Input data ->

········

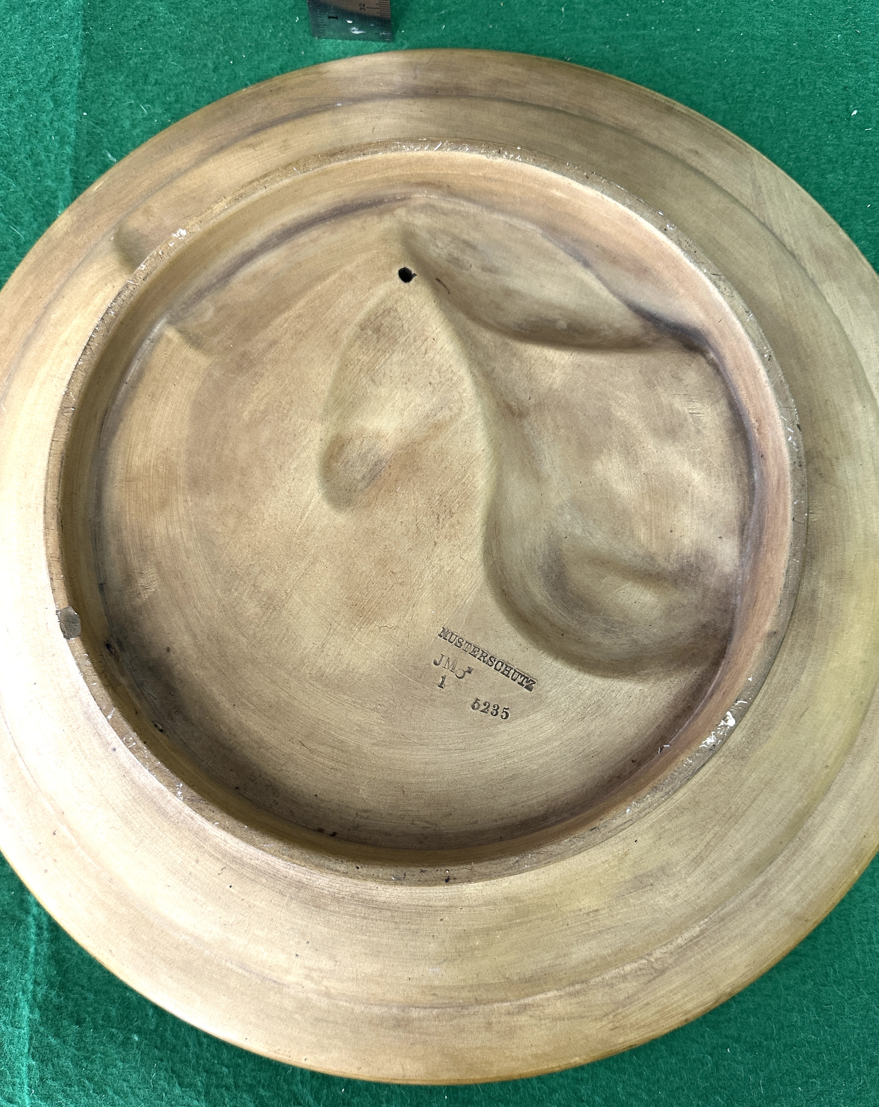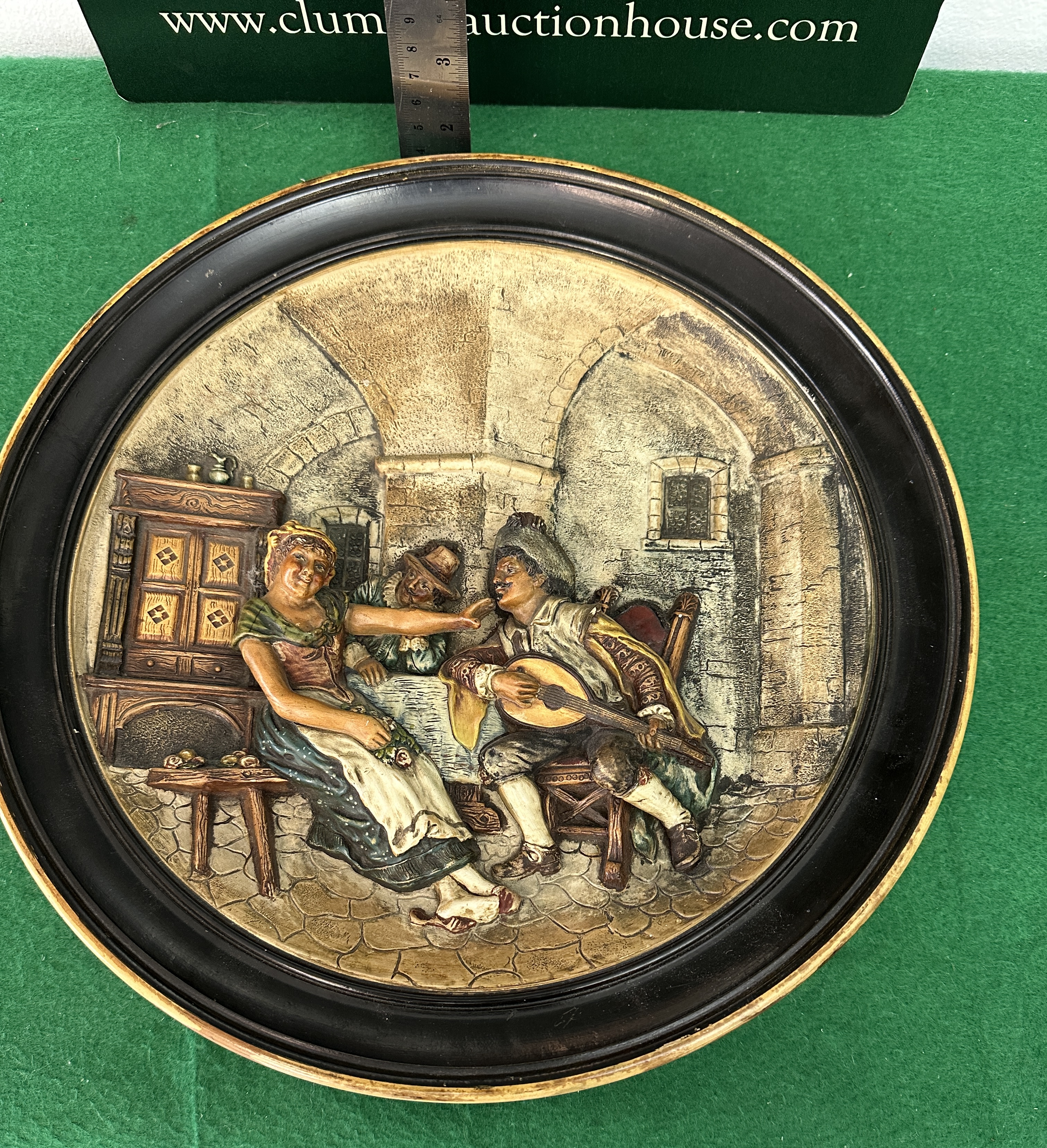 A circular relief plaque depicting an interior genre scene featuring three figures. The scene shows a seated woman, a man playing a stringed instrument, and a third figure leaning over the seated woman, set within an arched stone interior. The relief is constructed from molded composition or plaster, finished with polychrome staining to simulate age and texture. It is housed within a circular frame featuring a black outer edge and a gold-tone inner fillet. The reverse side is stained tan/brown and features molded or stamped markings in the center, including the German phrase Musterschutz (Design Protection), the initials J M G, the number 1, and the model number 6235.
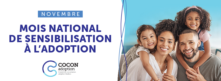 Chaque année, le Mois national de sensibilisation à l’adoption met en lumière les réalités de l’adoption et vise à briser les préjugés. En novembre, le Comité de concertation adoption Québec (COCON adoption) vous invite à prendre part à la campagne et à faire rayonner le message aux quatre coins du Québec.
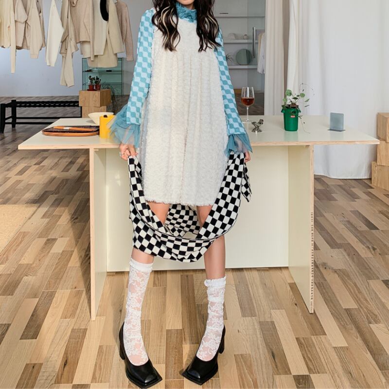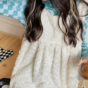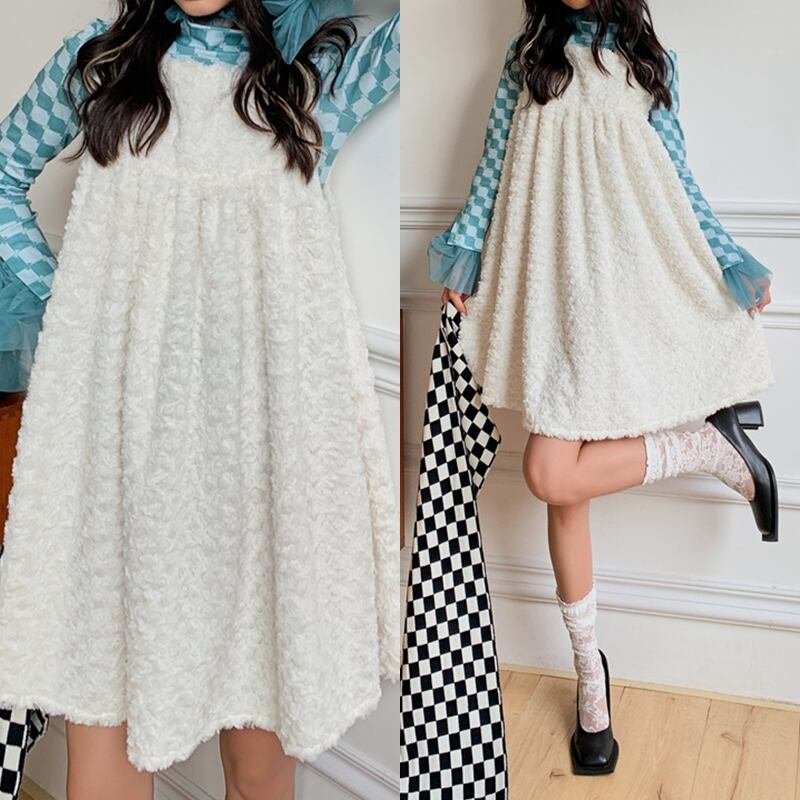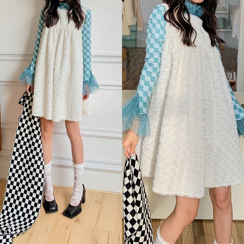 ふわふわ手触りがいい♪♪秋冬ホワイトワンピース✨

········

What to work on ->
Without the pictures, retype exactly the lines from the one that holds "Chaque année, le" to the last line of the data above, both of them included.

Solution ->
 Chaque année, le Mois national de sensibilisation à l’adoption met en lumière les réalités de l’adoption et vise à briser les préjugés. En novembre, le Comité de concertation adoption Québec (COCON adoption) vous invite à prendre part à la campagne et à faire rayonner le message aux quatre coins du Québec.
 ふわふわ手触りがいい♪♪秋冬ホワイトワンピース✨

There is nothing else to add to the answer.